Japan’s investigation into dangerous air bags is leading to a remote scrapyard in the central Gifu prefecture, where the explosion of a car model not included in current recalls suggests automakers may have to yet again expand their safety campaigns.
In the latest incident, an air bag from Takata Corp. (7312), the Tokyo-based company at the center of the crisis, deployed with such force that it shattered the windshield and sprayed metal shards on the floor of the Toyota Motor Corp. (7203) subcompact, said Akihiro Wakayama, a manager at the Chikamatsu Shokai Co. scrapyard. The explosion last month sounded “like a gunshot” and was “two to three times” louder than normal, he said.
Japan’s transport ministry is investigating the cause of the malfunction to determine whether more vehicles need to be recalled.
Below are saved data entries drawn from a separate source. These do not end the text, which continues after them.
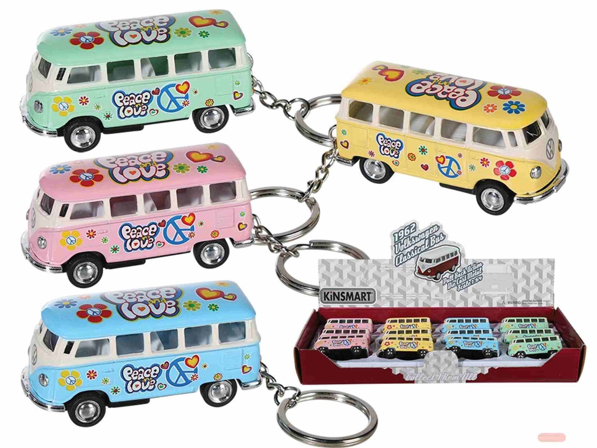 - Schlüsselanhänger Bus VW T1 1962 Peace&Love aus Metall ca.6,5cm, 4 x ass.,Display - VE 12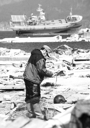 4月1日,在日本岩手县,一名渔民在废墟中搜寻仍有使用价值的渔具。日本警察厅当日宣布,截至当天15时,日本东北部海域发生的强震及其引发的海啸已确认造成11620人死亡,16464人失踪。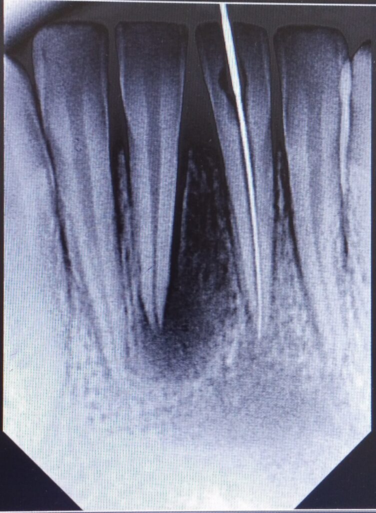 To assess the extent of the injury, we employed periapical X-rays, revealing radiolucency around the affected teeth. This indicated potential damage to the dental pulp and surrounding tissues, necessitating a strategic treatment plan.

The 2003 Toyota WiLL Cypha wasn’t among the 2.6 million subject to safety campaigns in Japan.
“I was surprised once again because the unusual explosion occurred in a vehicle that we were told to be safe,” Wakayama, 43, said in an interview in the city of Seki in central Japan. “That made me think we really don’t know what we can trust to do our work safely.”
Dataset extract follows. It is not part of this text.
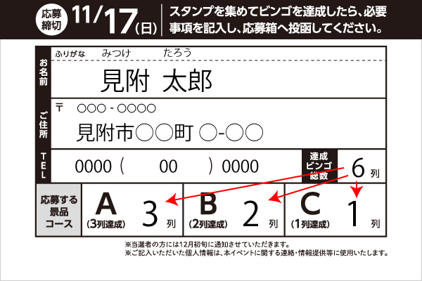 (※もちろんビンゴ1列達成でもご応募可能です。)

The air bag in the Toyota was the seventh to have ruptured at scrapyards in Japan since June 2012, where 350,000 of the devices made by Takata were evaluated and recycled every year, according to transport ministry official Masato Sahashi. The previous six ruptures -- four in Honda Motor Co. (7267)’s Fit and two in Toyota’s Corolla -- were reported around July 2012 and led to an additional 3 million vehicles being recalled globally.